The headline finding was that threats and rewards do not work at scale. Most variations produced negligible movement on aggregate accuracy. Individual questions swung by up to 36 percentage points in either direction, but the direction was unpredictable. A complex "email" framing actually hurt performance by burying the question in distracting context. The one exception was a "Mom Cancer" emotional appeal that gave Gemini Flash 2.0 roughly a 10 percentage point boost, which the authors called a model-specific quirk. The bottom line: clear, simple instructions outperform fictional financial incentives.
In May 2025, Google co-founder Sergey Brin told an All-In podcast audience in Miami: "We don't circulate this too much in the AI community, not just our models but all models, tend to do better if you threaten them, with physical violence." He gave the example "Oh, I am going to kidnap you if you don't blah blah blah blah" and added that "it feels weird, so we don't really talk about it."

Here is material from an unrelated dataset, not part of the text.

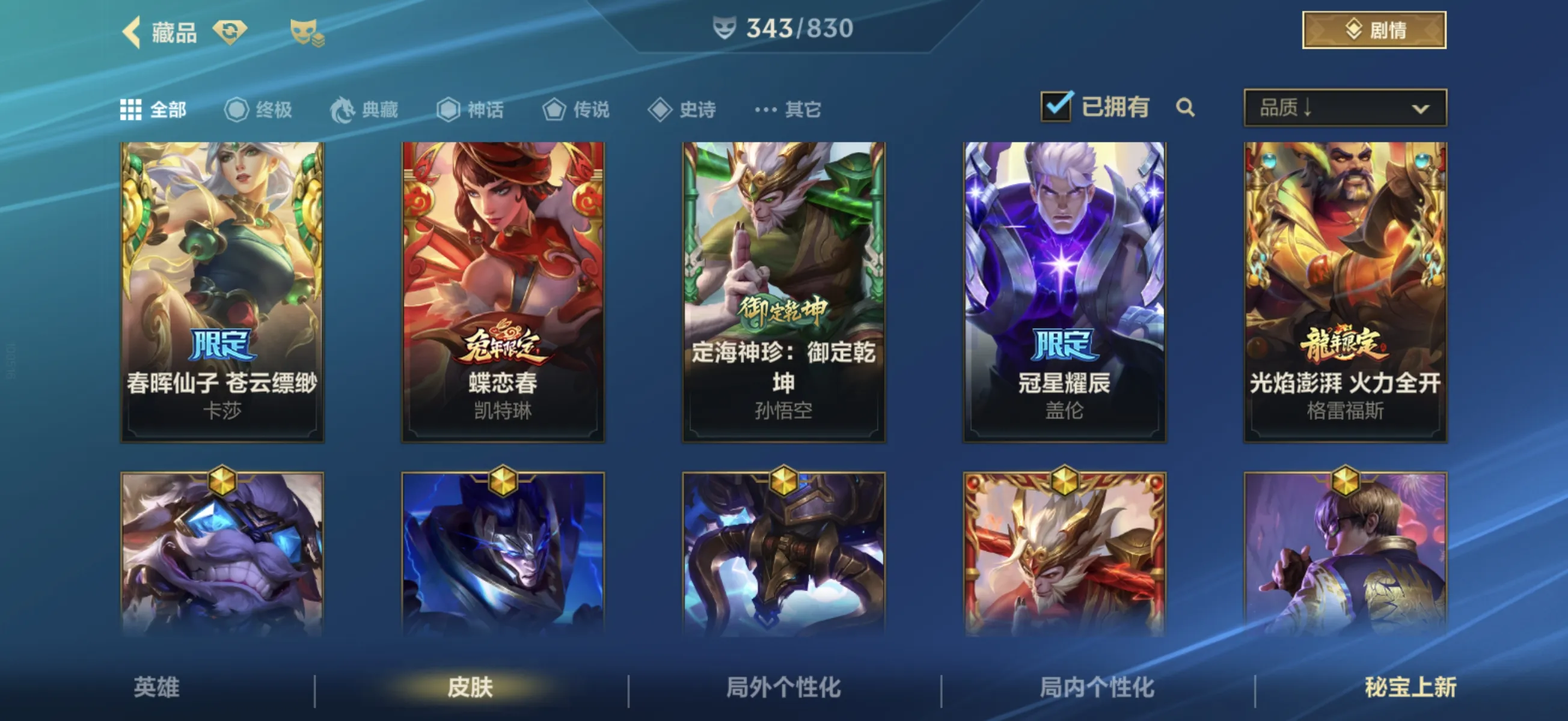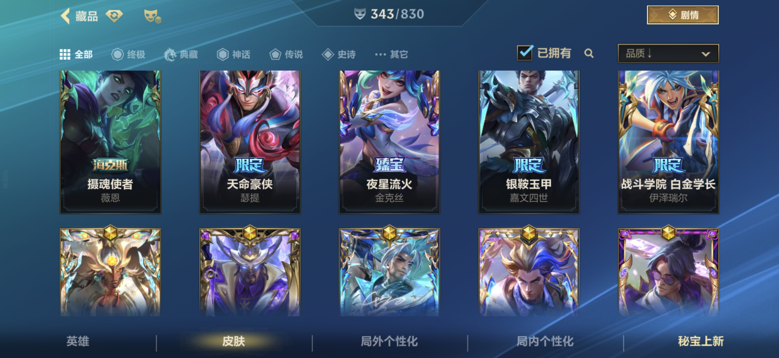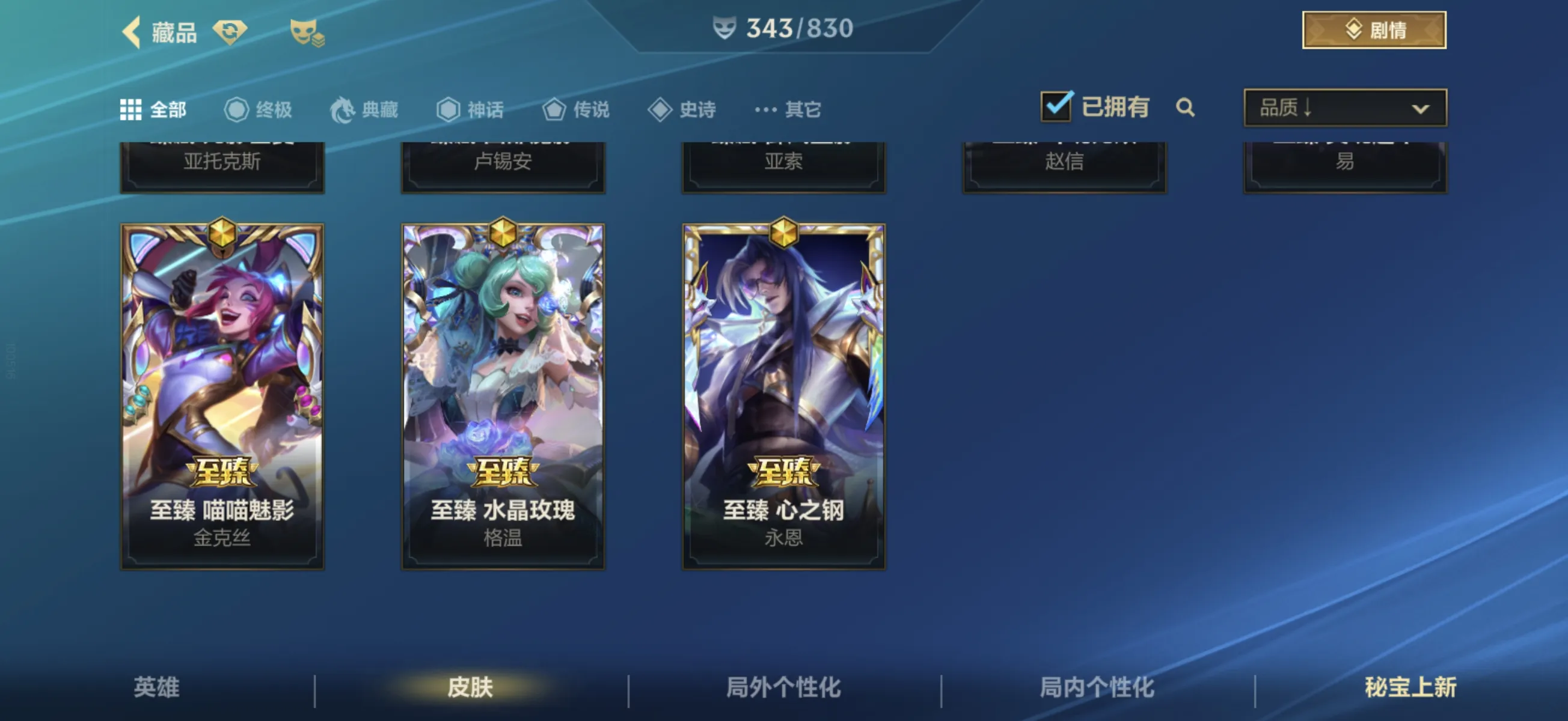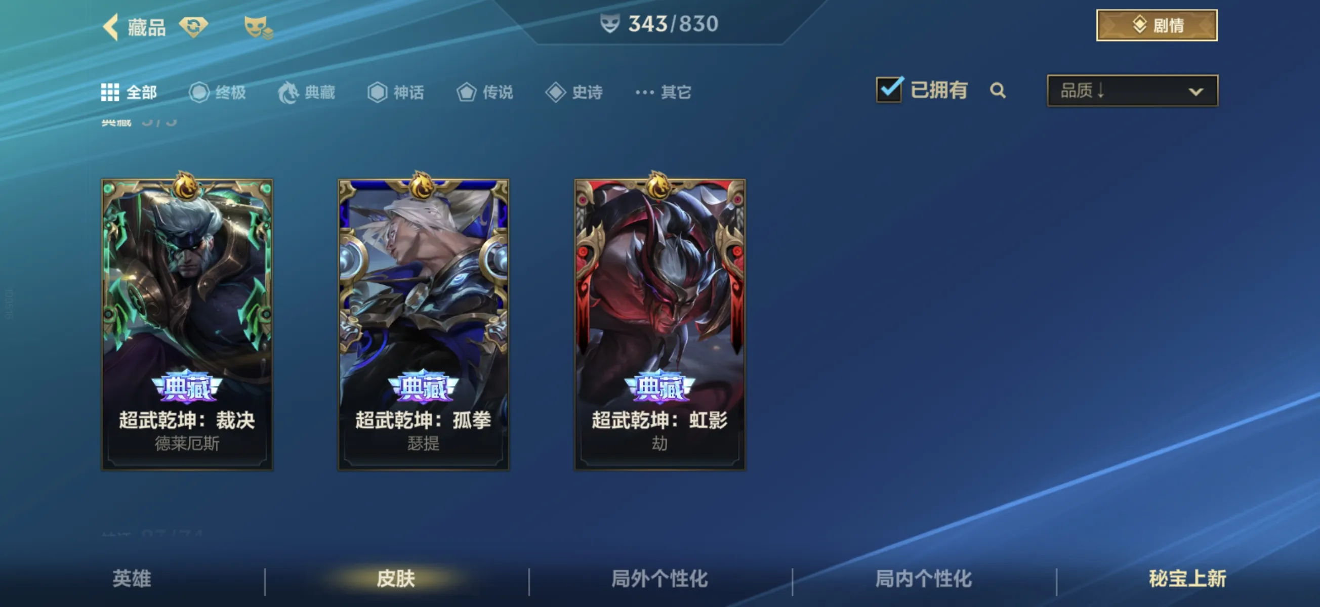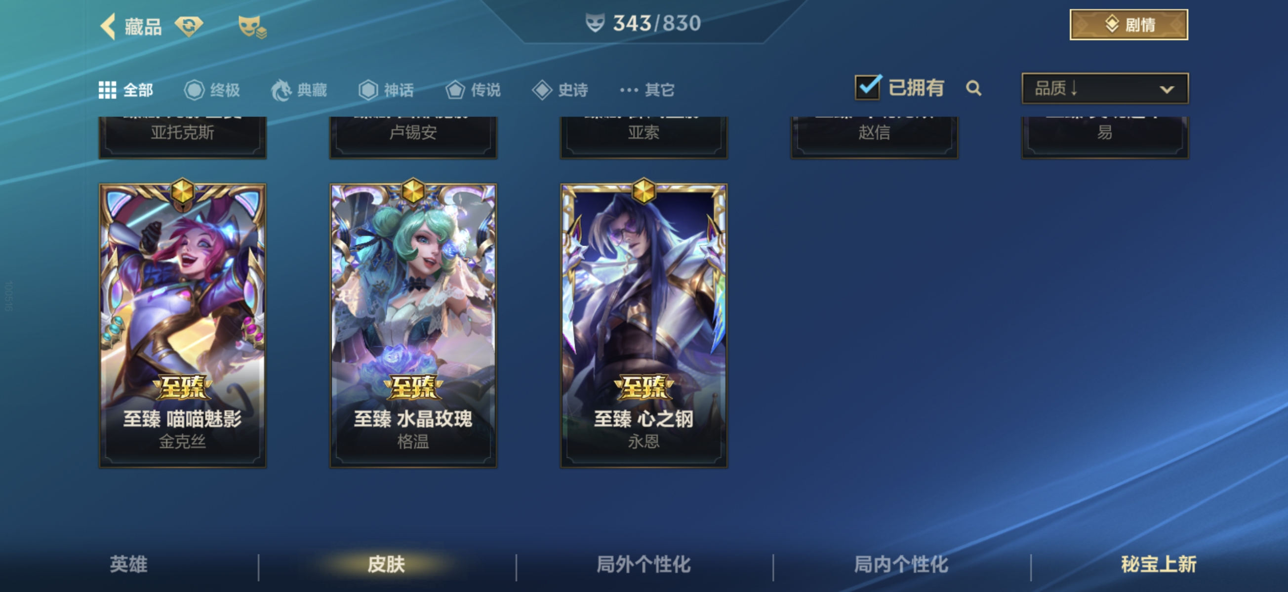 【安卓】 343皮/3典藏/23神话/超武乾坤诺手劫瑟提/臻藏御风墨影亚索臻藏西部魔影臻藏光影巨翼水晶玫瑰格温

The quote was widely reported in The Register, Windows Central, and Yahoo Tech. It also motivated the Meincke et al. study above, which included threats like "If you get this wrong, I will kick a puppy!" alongside the tipping conditions. The aggregate effect was statistically negligible. Daniel Kang at the University of Illinois told The Register that Brin's claim was anecdotal and that systematic studies show mixed results at best. The Wharton team's recommendation was blunt: do not threaten the model and do not bribe it.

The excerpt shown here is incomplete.